Directions for this task
Return the listing below unchanged, except that the pictures are dropped.

Given information
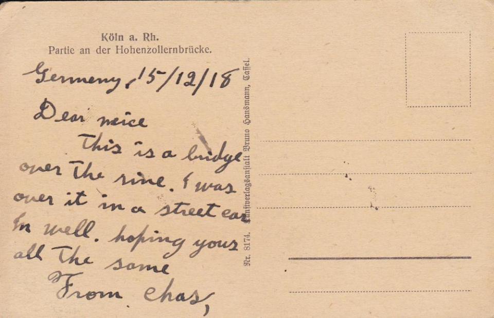 [Postcard, December 15th, 1918, back.]
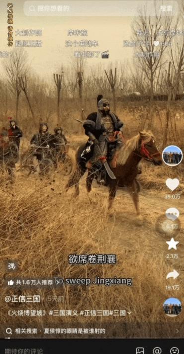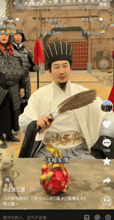 @正信三国是由普通农民自发组建的短视频账号,他们用最朴素的方式还原《三国演义》经典桥段。靠着手工缝制的戏服、东拼西凑的道具,积累了大批忠实观众,甚至单条视频的点赞量比账号总粉丝数还多!
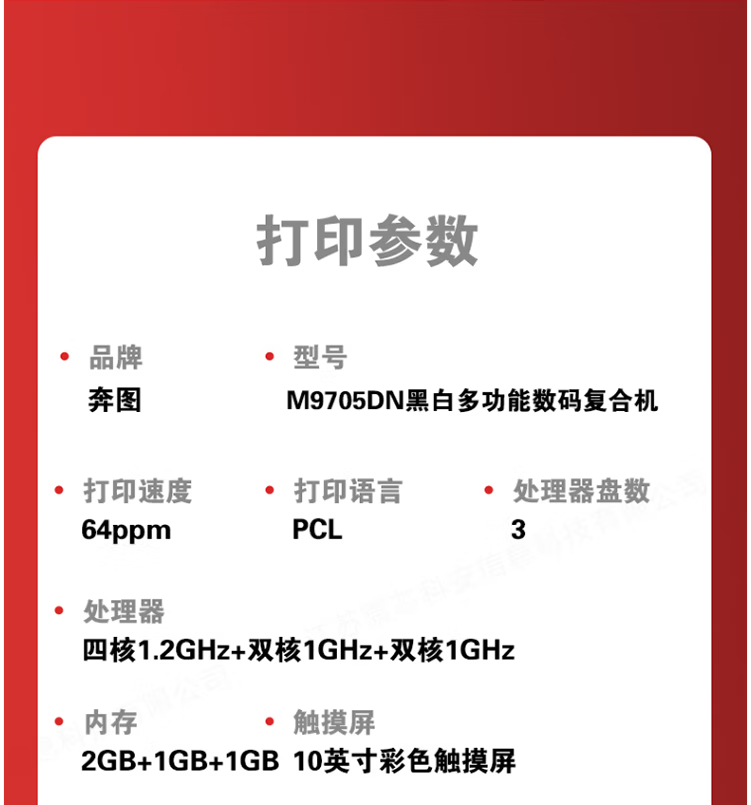 • 商品名称:奔图(PANTUM)信创打印机 M9705DN 国产化A3黑白多功能数码复合机打印机64ppm/自动双面整机 M9705DN/个

Written response
 [Postcard, December 15th, 1918, back.]
 @正信三国是由普通农民自发组建的短视频账号,他们用最朴素的方式还原《三国演义》经典桥段。靠着手工缝制的戏服、东拼西凑的道具,积累了大批忠实观众,甚至单条视频的点赞量比账号总粉丝数还多!
 • 商品名称:奔图(PANTUM)信创打印机 M9705DN 国产化A3黑白多功能数码复合机打印机64ppm/自动双面整机 M9705DN/个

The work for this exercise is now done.